Material provided Start Marker

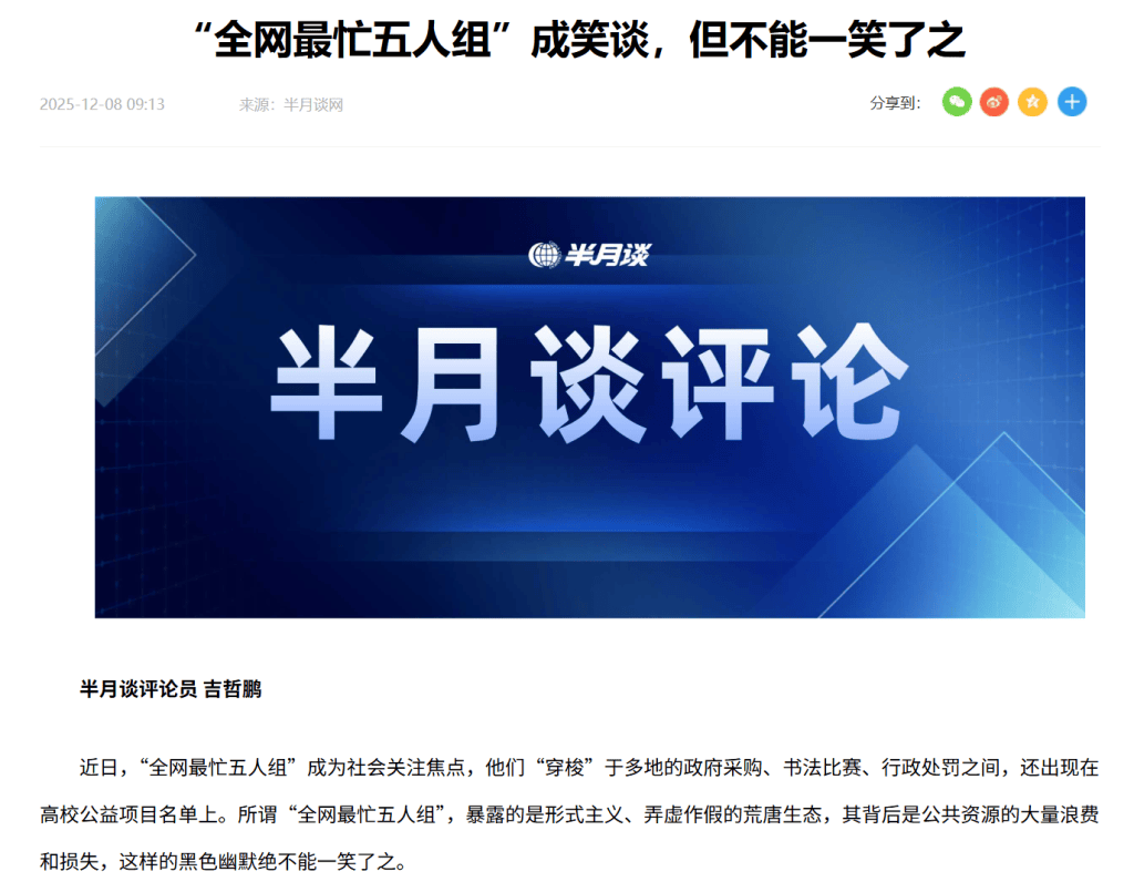 半月谈则在12月8日刊文直言,所谓“全网最忙五人组”,暴露的是形式主义、弄虚作假的荒唐生态,其背后是公共资源的大量浪费和损失,这样的黑色幽默绝不能一笑了之。
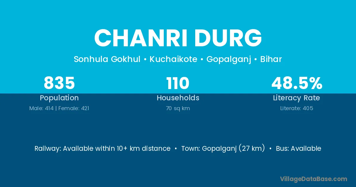 Gopalganj (27 km) is the nearest town to Chanri Durg village for major economic activities and is located approximately 27 km away.
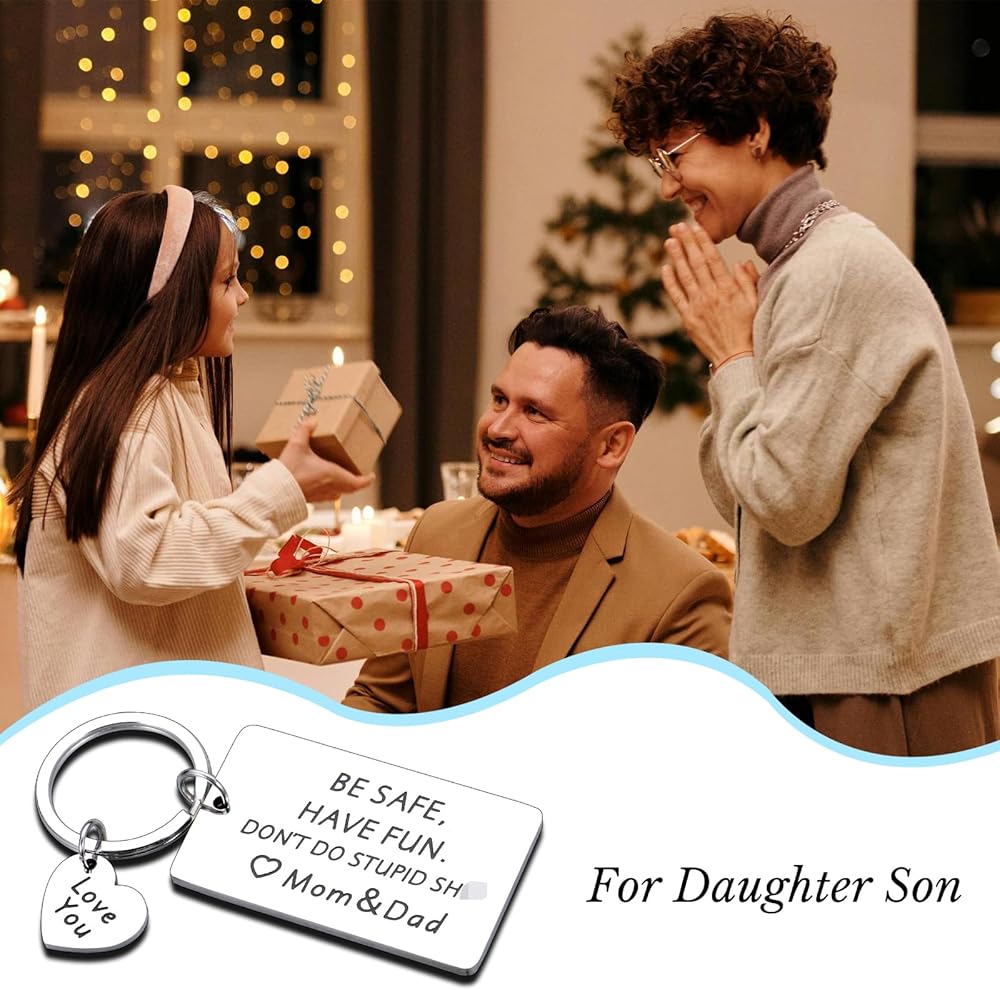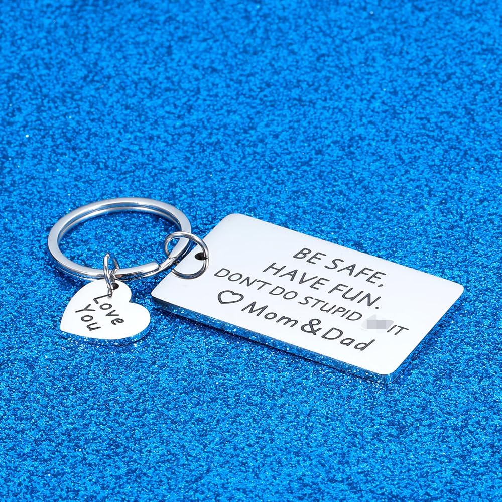Engraved with funny words, 'be safe, have fun, don't do stupid sht', as a exquisite gift, this meaningful keychain is a good way to show your love and your feeling to your daughter, stepdaughter, goddaughter, daughter in law, son, stepson, grandson, godson, son in law and tell them have fun and don't do something stupid. You can make this funny keychain a little reminder for your girls and boys.
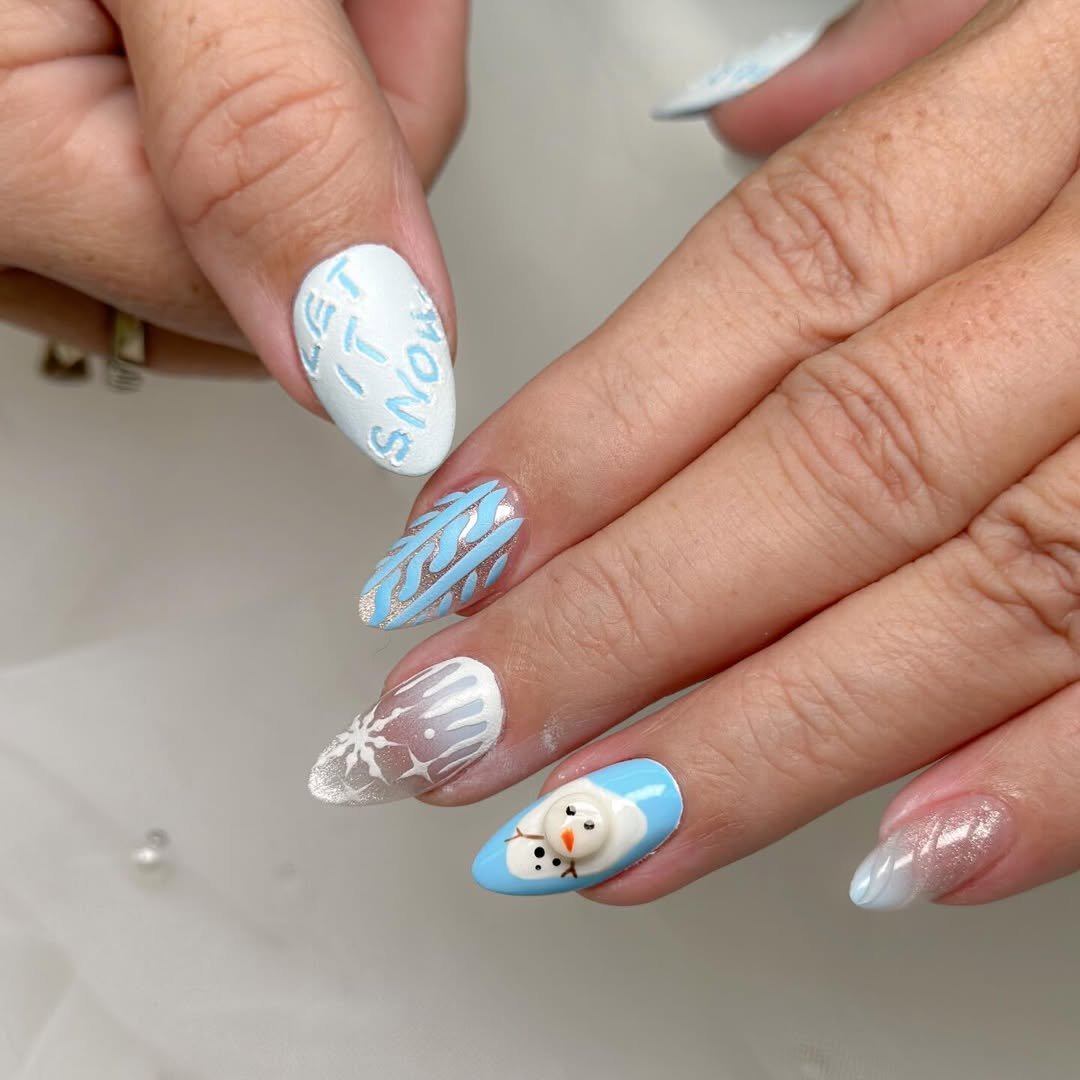 This set is basically winter fun bottled up in nail form. Between the cute little snowman, icy blue patterns, and soft white details, every nail feels like a tiny piece of a snowy day story.

Material provided End Marker

• _What you should do_
Only text belongs in the copy: repeat each line of the data exactly and leave out the pictures.

• _Response to the task_
 半月谈则在12月8日刊文直言,所谓“全网最忙五人组”,暴露的是形式主义、弄虚作假的荒唐生态,其背后是公共资源的大量浪费和损失,这样的黑色幽默绝不能一笑了之。
 Gopalganj (27 km) is the nearest town to Chanri Durg village for major economic activities and is located approximately 27 km away.
Engraved with funny words, 'be safe, have fun, don't do stupid sht', as a exquisite gift, this meaningful keychain is a good way to show your love and your feeling to your daughter, stepdaughter, goddaughter, daughter in law, son, stepson, grandson, godson, son in law and tell them have fun and don't do something stupid. You can make this funny keychain a little reminder for your girls and boys.
 This set is basically winter fun bottled up in nail form. Between the cute little snowman, icy blue patterns, and soft white details, every nail feels like a tiny piece of a snowy day story.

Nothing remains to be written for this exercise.